A 20-person startup, aTelo (Arlington, VA - 703-276-9000, is unabashedly pro-software and their media server is built to run on whatever Pentium-based hardware a buyer wants to use. There's no proprietary DSP hardware, not even off-the-shelf voice processing boards. On a dual-Pentium 3 pizza-box platform (running at 1 GHz), the company reports it can handle 200 channels (jumping to 400 channels midyear with 3 GHz chips) - the benchmark is derived from supporting their ProVoice voicemail application, not from a minimalist announcements-only benchmark (the company says a CPU approach works very well for all but N-way conferencing and high-throughput transcoding work, where DSPs are to be preferred).

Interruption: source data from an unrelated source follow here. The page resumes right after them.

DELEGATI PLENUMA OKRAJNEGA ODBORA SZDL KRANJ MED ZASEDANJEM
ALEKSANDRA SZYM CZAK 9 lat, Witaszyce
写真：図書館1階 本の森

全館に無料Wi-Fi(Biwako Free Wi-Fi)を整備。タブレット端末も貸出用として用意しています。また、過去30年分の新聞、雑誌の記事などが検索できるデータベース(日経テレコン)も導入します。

The aTelo software expects to receive SIP requests and to gain access to various files on other servers via HTTP - the interface for defining what happens when a SIP request is made is a custom (but Visual Basic-like) script that provides access to various components providing services like ASR, TTS, T.38 fax, DTMF, and so on. Developers can load only the components they need. Where different packages provide overlapping features with different strengths (different speech packages for different languages, for instance), it's possible to load multiple components, so there's some real flexibility. Though aTelo believes its script language has more capability and handles features that VoiceXML doesn't provide, it also supports (by translating on the fly) standard VoiceXML apps. At present, aTelo offers an enterprise version of the media server, which allows multiple servers grouped by virtue of a supervising SIP proxy server. Later in the year there are plans for a clustered version that will present multiple servers to the network as a single IP address.

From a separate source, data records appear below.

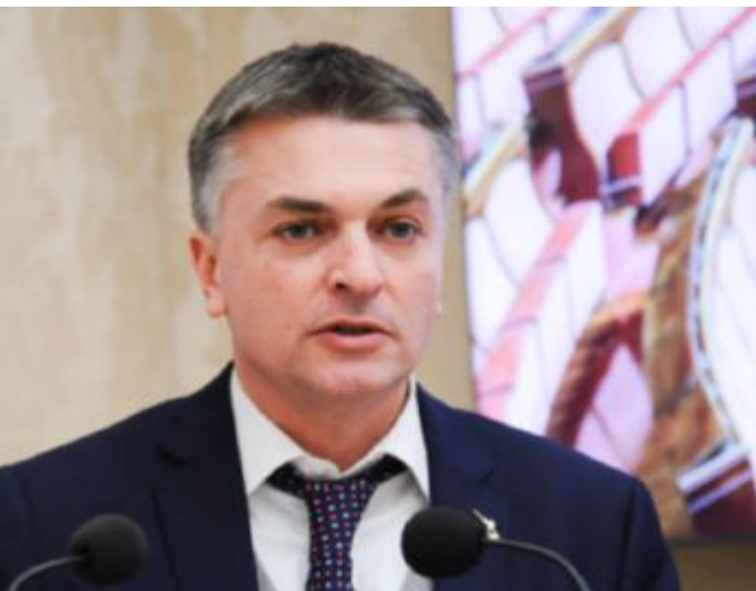
Ministro Edoardo Rixi, vice del ministro delle Infrastrutture e dei Trasporti Matteo Salvini

«Il documento di fattibilità delle alternative progettuali è concluso. Rfi ha svolto le attività previste nel 2021 dal Protocollo d'Intesa con la Provincia autonoma di Trento e ne ha trasmesso nel 2022 gli esiti positivi. A seguito delle valutazioni del Mit, in base a quanto previsto, potremo prevederne l'inserimento nel primo aggiornamento utile del Contratto di programma. Conseguentemente, potremo stabilire il fabbisogno finanziario per le successive fasi di progettazione e realizzazione. Abbiamo tutto l'interesse, tutte le intenzioni di mantenere fede agli impegni e alla tabella di marcia».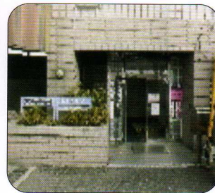
セラビーいこま メディカル棟入り口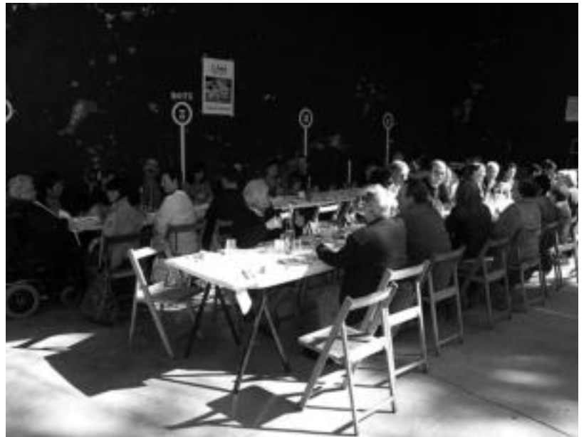
Aldaban, Meza Nagusiaren ostean hamaiketako egin zuten. I. GARCIA

Arratsaldea karta jokoan pasa zuten. Eta auzoan ospatzen duten egun handian, afaltzeko, 50 lagunetik gora elkartu ziren. Parrillan erreta, txuleta afaldu zuten. San Migel egunarekin datorren urtera arte, agur esan zieten jaiei.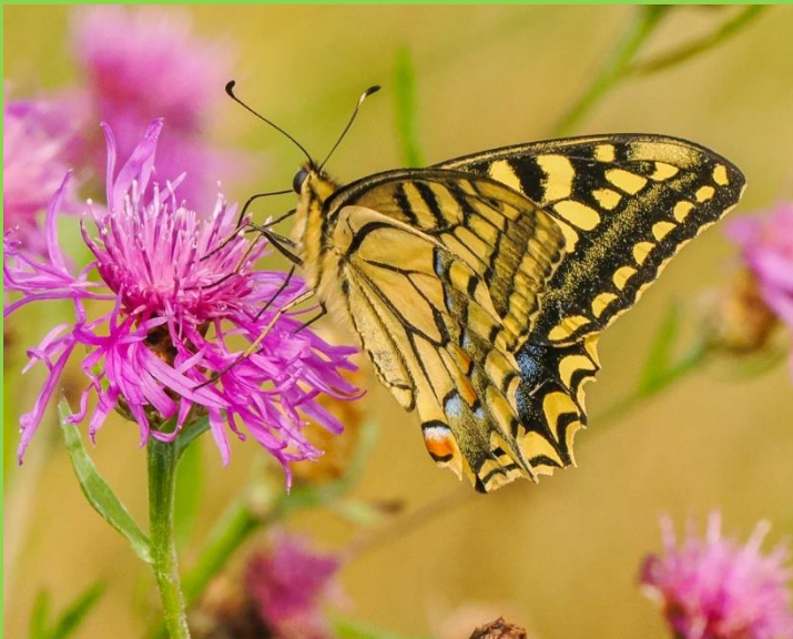
Een pareltje van een Koninginnepage op de Bleeke Heide.

en is meer een rotsplant. Deze komt veel minder voor en is verwilderd slechts viermaal aangetroffen. De geslachtsnaam 'Sorbaria' komt van een Latijns woord voor roodachtig en heeft betrekking op de kleur van de bessen. De letterlijke vertaling van Sorbaria sorbifolia is: 'lijsterbesachtige met lijsterbesblad'. 'Tomentosa' betekent 'viltig behaard'.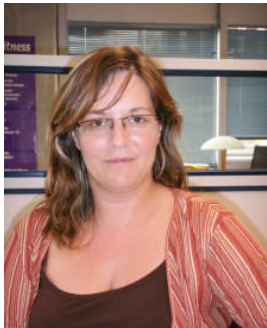
Assistante de Direction

Cognitronics (Danbury, CT - 203-830-3400, is different from other media server box makers in that it's not a startup, not by a long shot. The company has been around since 1961, when it began making automatic number announcers for Western Electric. In the analog world, when a Class 5 switch needs an announcement made, there's a fair chance that the box that actually makes that announcement was made by Cognitronics.

From there, it's a natural step to making an announcement box for the IP world. Rather than abandon TDM outright, Cognitronics aids gradual migration for its carrier customers by making hybrid media servers. You can mix and match cards that talk TDM and IP.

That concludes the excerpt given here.